Currency devaluation happens when the country drops the value of its currency with respect to other currencies. What this means is that if a few days ago you got $1 and bought five yuan if you devalue the currency today you could get much more yuan for a dollar.
China on Monday devalued its currency which surprised the global markets. It devalued its currency, the Renminbi (RMB) or Yuan, by nearly 2 per cent.
Why did China devalue its currency?
The People's Bank of China's (PBC) spokesperson said that "For the purpose of enhancing the market-orientation and benchmark status of central parity, the PBC decided to improve quotation of the central parity of RMB against US dollar."
China's currency is not freely traded as in other markets and is linked to the dollar. Its exchange rate was linked to the basket of currencies which was unknown and was strongly related to the dollar.

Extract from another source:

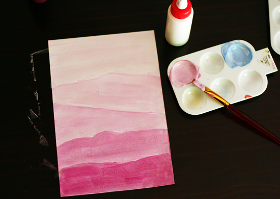 I love the simple beauty of these monochromatic landscapes. My girls have plans to make one in every color of the rainbow and display them in a row on the wall. Won’t that be lovely?
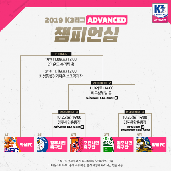 K3리그 최강자를 가리는 ‘2019 K3리그 어드밴스 챔피언십’이 오는 26일(토)부터 개최된다.

The country's authorities felt that it needed to be dropped or devalued to bring it in tune with the markets. They felt that the RMB was overvalued and was hurting Chinese exporters as it was making their products more expensive overseas.
From now, its daily quotes will be derived from the previous day's closing rate of the inter-bank foreign exchange market and on currency supply and demand in the market.
This will help in conjunction with demand and supply condition in the foreign exchange market and exchange rate movement of the major currencies.
Impact on Other countries
The global stock market reacted negatively to the devaluation news. US stock markets plunged as a weaker yuan may reduce exports of U.S goods to China and may make Chinese goods cheaper vis a vis domestically manufactured goods.
After devaluation, the country's exports may become cheaper and imports expensive.
Impact on India
Yuan devaluation can have some impact on India's exports as there can be a possibility of cheaper imports in the Indian market from China.
Domestic manufacturers may get hurt due to large imports of steel, power equipment and other products.